John was in a hurry, as he often is these days. Part of the job and life in general.

He rushed home from his last appointment, jumped into the shower because there hadn’t been time earlier, and dressed quickly. We were having dinner with two very special friends.

He calls me the most unobservant person in the world. I had a lot of things on my mind, so as we drove and talked, I wasn’t really looking at him.

Until we got to the restaurant.

We sat with our friends, preparing to order, and I glanced over at John, curious as to what he would get.

And I noticed his shirt was inside out.

I began to say something, then stopped. He seemed fine in his own lack of awareness, and neither of our friends had commented. What could he have done? Excused himself to turn it right-side out in the restroom? Too much fuss.

So I said nothing.

Throughout dinner, I’d glance at him, just to make sure I saw what I thought I was seeing.

He was so inside out.

As we said our goodbyes, I mentioned it to the wife; she’d noticed, but she compassionately said nothing.

When we got to the car, I mentioned to John my little discovery, and he was at first dumbfounded, and then laughed, asking me why I hadn’t said anything.

“I didn’t want to embarrass you.”

He called to his friend to ask if he’d seen anything out of the ordinary, pointing out the tag hanging out the back and the seams facing out.

Mike hadn’t noticed anything.

With our inside-out lives today, there will be those who notice something is off and others who won’t see any difference.
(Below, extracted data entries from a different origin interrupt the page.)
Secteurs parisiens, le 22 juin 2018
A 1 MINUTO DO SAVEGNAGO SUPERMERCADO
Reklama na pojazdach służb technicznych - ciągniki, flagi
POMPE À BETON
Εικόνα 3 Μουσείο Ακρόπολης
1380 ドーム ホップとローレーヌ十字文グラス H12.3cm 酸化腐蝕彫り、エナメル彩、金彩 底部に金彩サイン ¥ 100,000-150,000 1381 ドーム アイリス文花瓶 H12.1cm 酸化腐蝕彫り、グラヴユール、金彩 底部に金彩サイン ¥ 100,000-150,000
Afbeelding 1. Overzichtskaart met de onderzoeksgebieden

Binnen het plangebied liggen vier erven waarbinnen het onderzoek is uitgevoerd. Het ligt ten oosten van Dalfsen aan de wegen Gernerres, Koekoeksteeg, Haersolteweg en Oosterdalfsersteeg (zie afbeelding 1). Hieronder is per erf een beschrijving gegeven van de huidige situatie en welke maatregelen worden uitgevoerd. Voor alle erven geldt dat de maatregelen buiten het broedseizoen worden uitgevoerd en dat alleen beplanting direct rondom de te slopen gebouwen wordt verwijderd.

There are those who will express their opinions on any and every social media platform, saying things there that they’d never share with someone face-to-face, passing judgment on ideas they don’t fully understand or thoroughly agree with.

The value seems to be in expressing an opinion.
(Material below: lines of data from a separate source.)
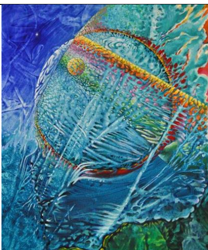
Étoile de la mer 20 x 24 po – acrylique

De la vue à la vision, il n'y a qu'un saut quantique.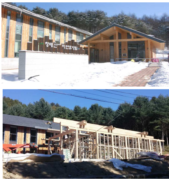
【「自然とともに」建設中のビジターセンターの風景】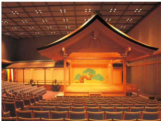
1층 회의장 내부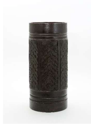
香取 秀真 《雷文花瓶》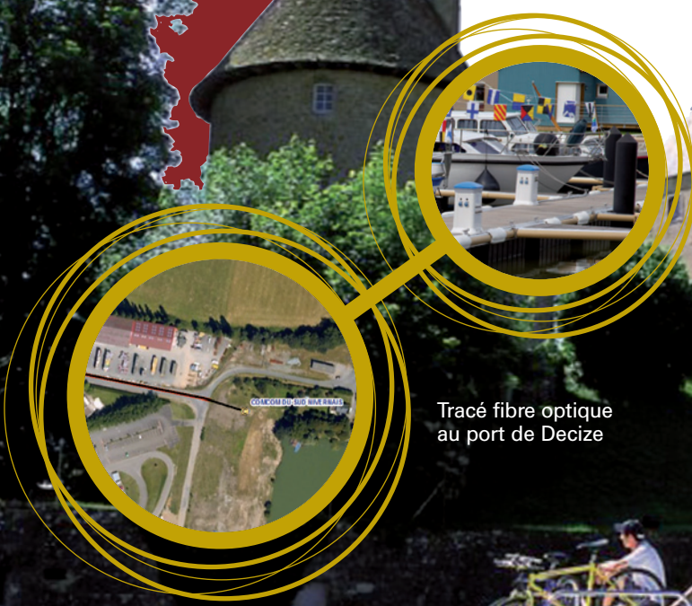
Tracé fibre optique au port de Decize

Niverlan a été choisi par le Syndicat Mixte d'Équipement Touristique du Canal du Nivernais comme Assistant à Maîtrise d'Ouvrage afin de rédiger l'étude de faisabilité technique.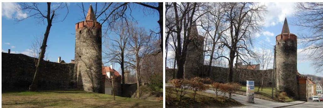
Paczków, fortyfikacje miejskie, fot. C. Hadamik.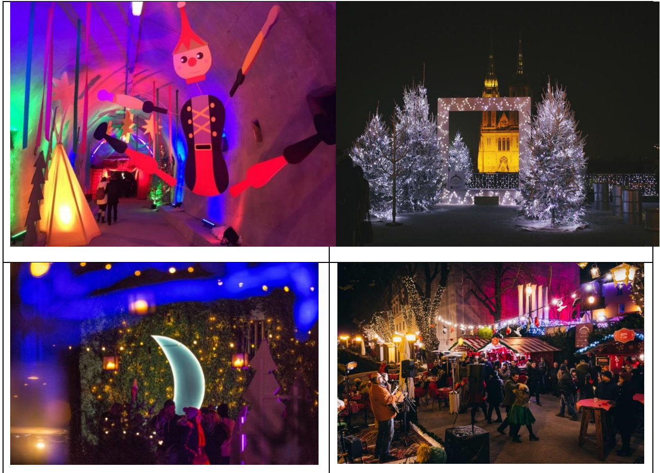
Slika 11.: Advent na Gornjem gradu

If we’re going to choose to live inside out, why don’t we do it honestly? Exposing the mess within ourselves instead of expressing a viewpoint that might be harmful to others. Taking care of the disarray in our own wheelhouse before commenting on how others are running their lives.

It’s a matter of responsibility and respect, two values sadly lacking in our culture today.
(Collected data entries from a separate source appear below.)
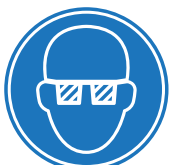
PROTECCIÓN OBLIGATORIA DE LA VISTA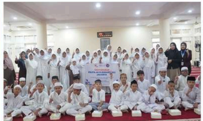
Santunan dan Doa Bersama Pelita Jaya Basketball Jakarta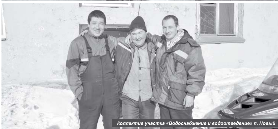
Коллектив участка «Водоснабжение и водоотведение» п. Новый

В одном из прошлых выпусков нашей газеты мы уже рассказывали о нелёгком труде водителей снегоуборочной техники. На этот раз наш материал о работе коллектива другого не менее важного для нашей благополучной жизни участка – «Водоснабжение и водоотведение» ООО «Коммунаэнерго УКМР».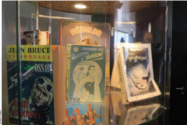
Vitrine à l'entrée du musée Ûreka.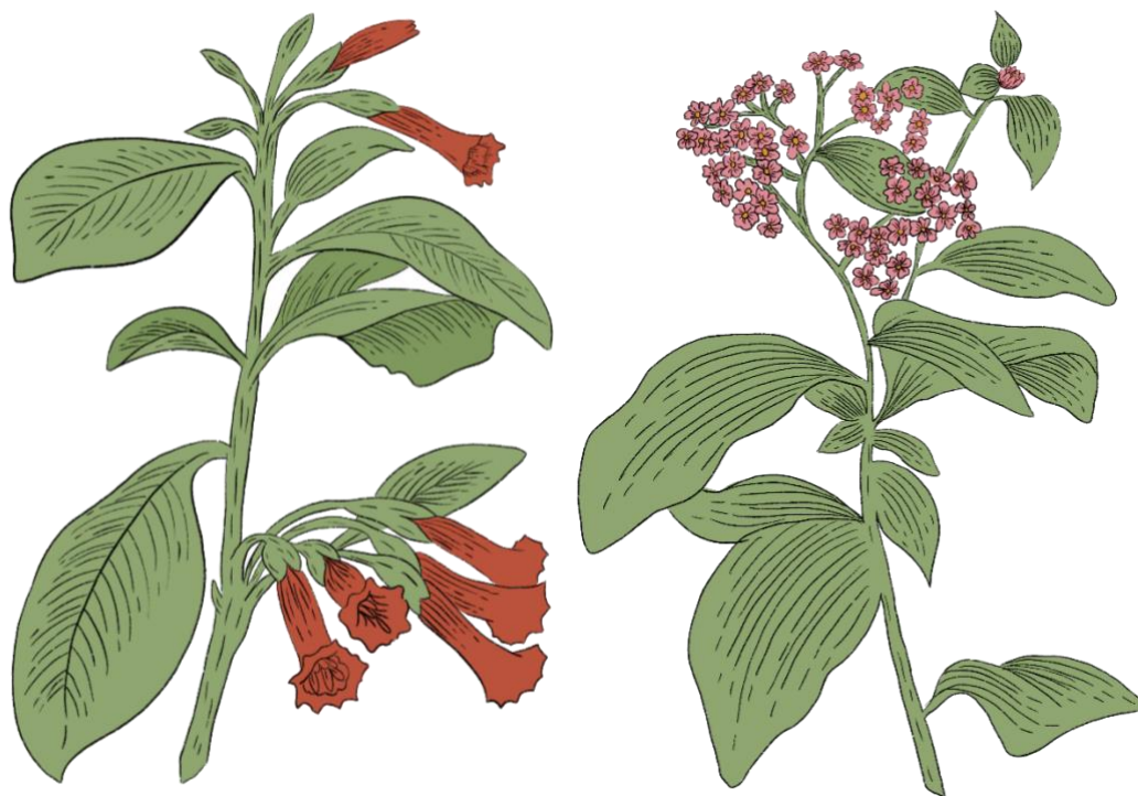
Figura 7. Ilustraciones de plantas nativas para la re-inauguración Huerto Vivero CC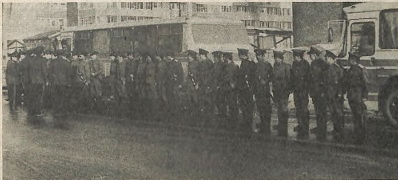
В заключение состоялся смотр сил казачьего отдела.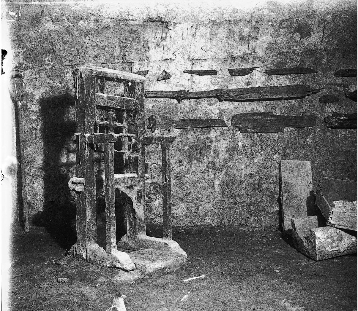
Estructura de madera para la instalación del garrote vil con restos de las cajas para transportar los cuerpos de los ajusticiados localizados en los sótanos del palacio de la Real Chancillería de Granada. José Martínez Rioboo.

ca. 1913, copia moderna a partir de dispositivo estereoscópico sobre vidrio, Fundación Rodríguez-Acosta, Legado Martínez Sola, Granada.

Speaking words of encouragement and affirmation not only builds the person we speak to, but it brings light to our own souls because we’re reflecting on the hope we see in another.

The Apostle Paul stated:

“Let no corrupting talk come out of your mouths, but only such as is good for building up, as fits the occasion, that it may give grace to those who hear.” Ephesians 4:28

Imagine the profound impact we’d have if what we said was consistently uplifting and hopeful, not negative and judgmental. If people didn’t have to guard themselves against bullying tactics and harsh remarks. If we were motivated by kindness instead of opinion.

The power to do that can only be found in a relationship with Jesus. He alone can provide the strength to consider others as more important than ourselves.

Even if others expose their wrong side.

8 responses »

  1. I love this story so much!!! You both are filled with such grace.

    Like

  2. terry morgan says:

    Sometimes, it’s just better not to know! So many times, it’s really not that important (a tag showing never hurt anyone. lol). If I could just figure out how to have the right heart – speaking up when it’s helpful and staying quiet (most of the time) when the comment is not necessary – that could help a lot!

    Like

  3. Mike says:

    I just loved hearing both of you laugh together in the parking lot. (Which is not uncommon.) But that’s my memory.

    Like

  4. I could see Mario doing that too!. In fact, he has but I’ve noticed before we left the house. But you’re so right about the need for words that build up and encouragement today. There is far too much negativity and condemnation. Lord, help us!

    Like

    • daylerogers says:

      The sad part is it’s become so expected to hide how we feel and slap a smile on our faces and not be our true selves. I value the fact that the Lord has such an understanding of our whole selves so we can’t surprise or unhinge Him. It does take work to be authentic.